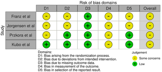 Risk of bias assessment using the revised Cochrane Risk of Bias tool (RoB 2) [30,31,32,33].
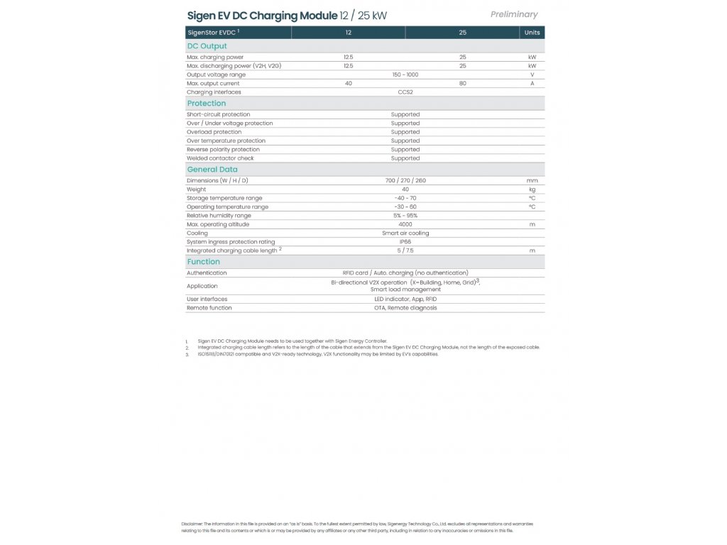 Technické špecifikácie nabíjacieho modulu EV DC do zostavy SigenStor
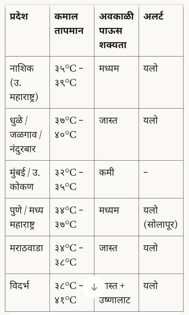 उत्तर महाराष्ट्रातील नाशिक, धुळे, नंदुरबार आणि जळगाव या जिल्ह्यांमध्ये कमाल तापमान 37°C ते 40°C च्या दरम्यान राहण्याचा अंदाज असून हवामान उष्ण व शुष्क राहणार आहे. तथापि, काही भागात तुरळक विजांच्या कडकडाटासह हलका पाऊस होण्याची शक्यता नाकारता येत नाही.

## The problem
No pictures should appear in the copy. Reproduce exactly the lines from the line containing "Technické špecifikácie nabíjacieho" through the last line of the data, inclusive.

## Completed task
 Technické špecifikácie nabíjacieho modulu EV DC do zostavy SigenStor
 उत्तर महाराष्ट्रातील नाशिक, धुळे, नंदुरबार आणि जळगाव या जिल्ह्यांमध्ये कमाल तापमान 37°C ते 40°C च्या दरम्यान राहण्याचा अंदाज असून हवामान उष्ण व शुष्क राहणार आहे. तथापि, काही भागात तुरळक विजांच्या कडकडाटासह हलका पाऊस होण्याची शक्यता नाकारता येत नाही.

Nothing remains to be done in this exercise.